Men in Black III

Men in Black III (USA, 2012)
di Barry Sonnenfeld
con Will Smith, Josh Brolin, Tommy Lee Jones

Men in Black III è il blockbuster americano medio, quello di cui nessuno sentiva particolarmente il bisogno, che anzi molti avrebbero preferito non vedere mai (vuoi perché il primo episodio era ottimo per i fatti suoi, vuoi perché il secondo era pessimo per i fatti suoi) e che comunque tutti andranno lo stesso a guardare. E che non fa assolutamente schifo, anzi, ha una bella atmosfera stupidina, due o tre gag molto azzeccate, un paio di scene d’azione realizzate in maniera competente e addirittura uno spunto interessante sul finale, che dipinge un tratto malinconico e oserei quasi dire toccante sulla relazione fra J e K. Però si limita a questo, che magari è sufficiente, ma non è certo qualcosa in grado di elettrizzarti, farti divertire come un matto o uscire dal cinema esaltato e felice di aver speso i tuoi soldi. È un blockbuster medio.

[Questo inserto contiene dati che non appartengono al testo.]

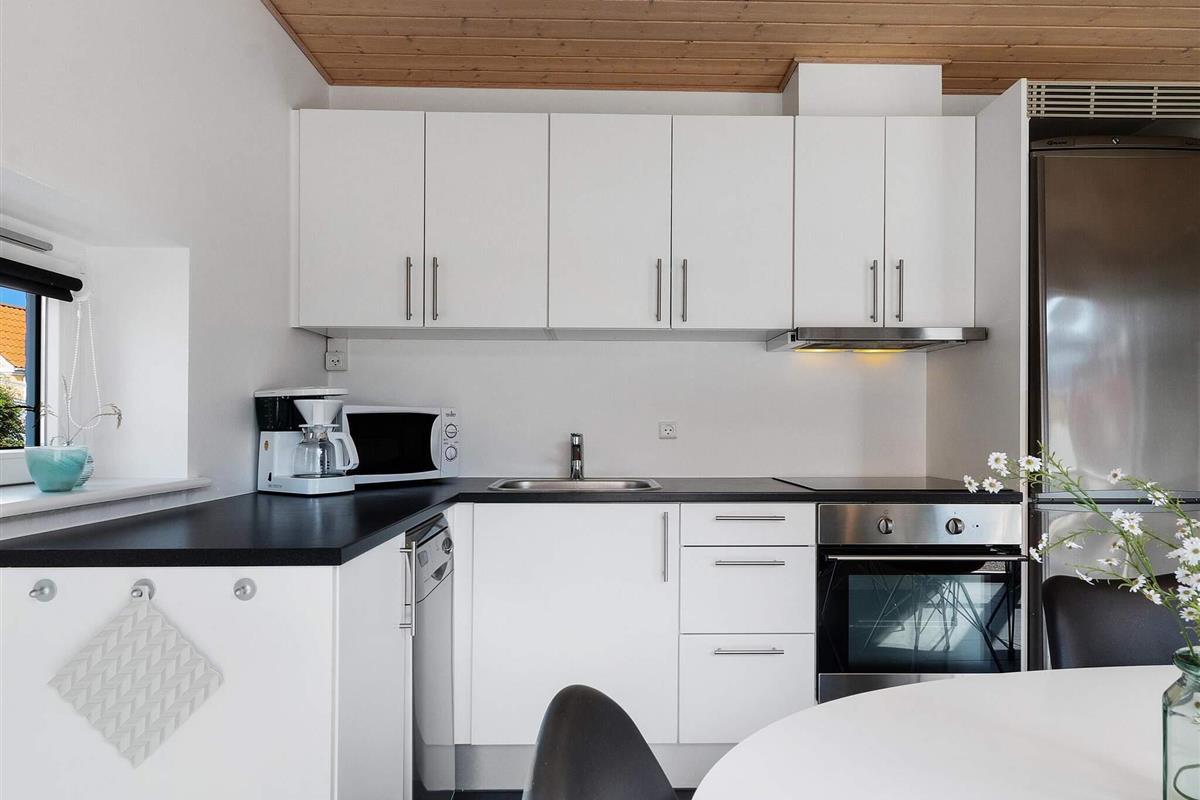 Ferienwohnung im Zentrum des Ferienortes Løkken. Die Ferienwohnung ist 74 m2 groß und erstreckt sich über zwei Etagen. Ein Schlafzimmer mit Doppelbett sowie eine doppelte Schlafcouch im Wohnzimmer bieten Platz für insgesamt 4 Personen. Im Parterre der Wohnung befinden sich das Badezimmer und die schöne Küche. Oben im ersten Stock gibt es ein wirklich schönes Wohnzimmer. Außerhalb der Wohnung findet man eine schöne, geschützte Terrassenfläche, auf der Sie den Urlaubstag in der Sonne verbringen können.

Non saprei dire se o quanto sia peggio del primo Men in Black, perché quello l’ho visto solo al cinema a suo tempo, me lo ricordo a malapena e oltretutto ricordo anche che sì, mi aveva divertito, ma non ci avevo perso la testa. Diciamo che, per essere un nuovo episodio da dieci anni dopo, poteva andare peggissimo, che Josh Brolin che imita Tommy Lee Jones mi fa ammazzare dal ridere, che Griffin è un personaggio azzeccato, oserei quasi dire poetico, e che alcune delle solite gag da Men in Black sugli alieni che si nascondono fra di noi sono simpatiche. Il cattivo ha una sua certa presenza estetica piuttosto ganza, anche se gli hanno scritto delle battute inascoltabili, e tutta la faccenda dei viaggi nel tempo è gestita in modo decente, anche se ho l’impressione che sul finale sbrachi un po’ troppo. Ma insomma, siamo sempre lì, è una roba gradevole, non esaltante, con un paio di elementi che possono stupire rispetto alle aspettative onestamente non altissime con cui ti ci puoi avvicinare. Ma in fondo mica speravo di più.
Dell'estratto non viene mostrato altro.